Apple

Apple has given its Chinese users notifications about the Feb 28 switchover to the Chinese data center. Source: Shutterstock

Apple joins in with Business Chat

APPLE HAS joined rivals Facebook and Google in opening a new conduit through which businesses can communicate directly with prospective and existing customers by means of a new version of its messaging service.

WhatsApp Business and Facebook Messenger already allow variations of their own on this type of functionality. Apple announced the beta of its own feature which will launch in the Spring, in a statement on Wednesday.

“Business Chat is a new way for users to communicate directly with businesses right within Messages,” Apple said in a statement.

Announced last year at Apple’s Worldwide Developer Conference, the feature will debut with the several businesses already on board, including Discover, Hilton, and Wells Fargo.

“With Business Chat it’s easy to have a conversation with a service representative, schedule an appointment or make purchases using Apple Pay in the Messages app,” Apple said. The user’s contact information is kept private from the business and opt-outs from chats are available to the user, Apple claimed.

Businesses are always looking for new routes to their customers and potential targets, and Apple’s offering will offer another string to their bow, alongside, for instance, Messenger, which was used to connect small businesses to over 330 million people in 2017.

Facebook, in particular, has been effective at connecting its user base to local and international businesses. In India, for example, 42 percent of users are connected to at least one small business overseas, and 65 percent are connected to a domestic concern.

Apple’s website is now open for developers to register their interest in the service ready for its roll-out in the iOS 11.3 beta release.

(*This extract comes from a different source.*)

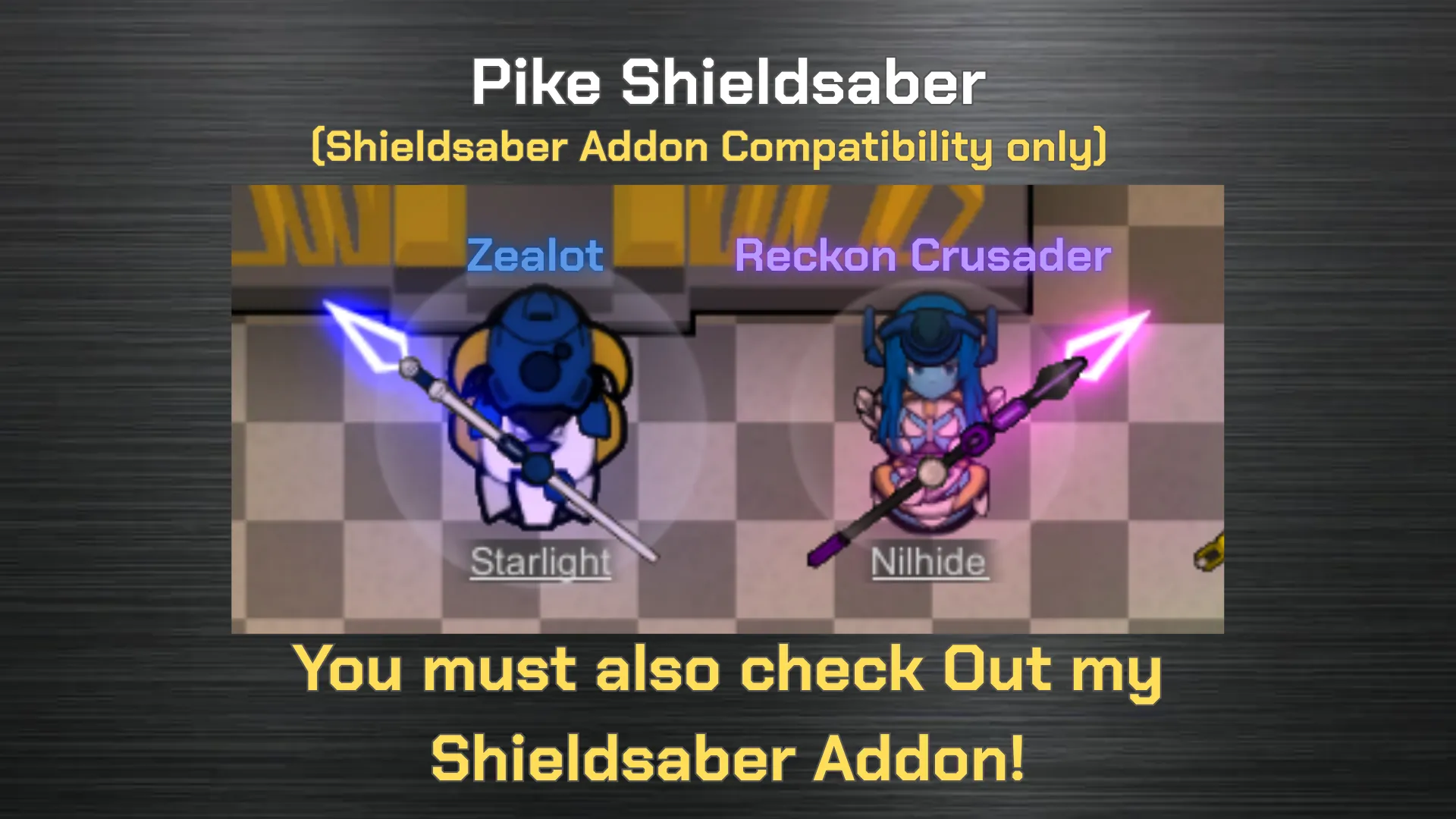 With this mod, Pike Shieldsaber and Pickaxe Shieldsaber will be added. Which give the weapon with name "Shieldsaber" to have shield ability.

Apps can be built which integrate Safari, Calendar, Apple Pay, predictive text input – in fact, the whole Apple walled garden.

A majority of consumers said they would rather message a business than call customer service according to a study by Nielsen, which also found that messaging is increasingly going to be the B2C channel of choice in the future.

In the Cupertino giant’s favor is the fact that its massive iPhone user base already has the Message app, which comes bundled as part of iOS, and cannot easily be deleted.

Working against Apple is that it is coming late to this market. Twitter is a popular place to either bemoan service or extol a business’s virtues, and the Tencent/Alibaba eco-system is well known to be all-encompassing. But, of course, coming late to an existing product or service and doing it rather well is what Apple has a measurably good track record for.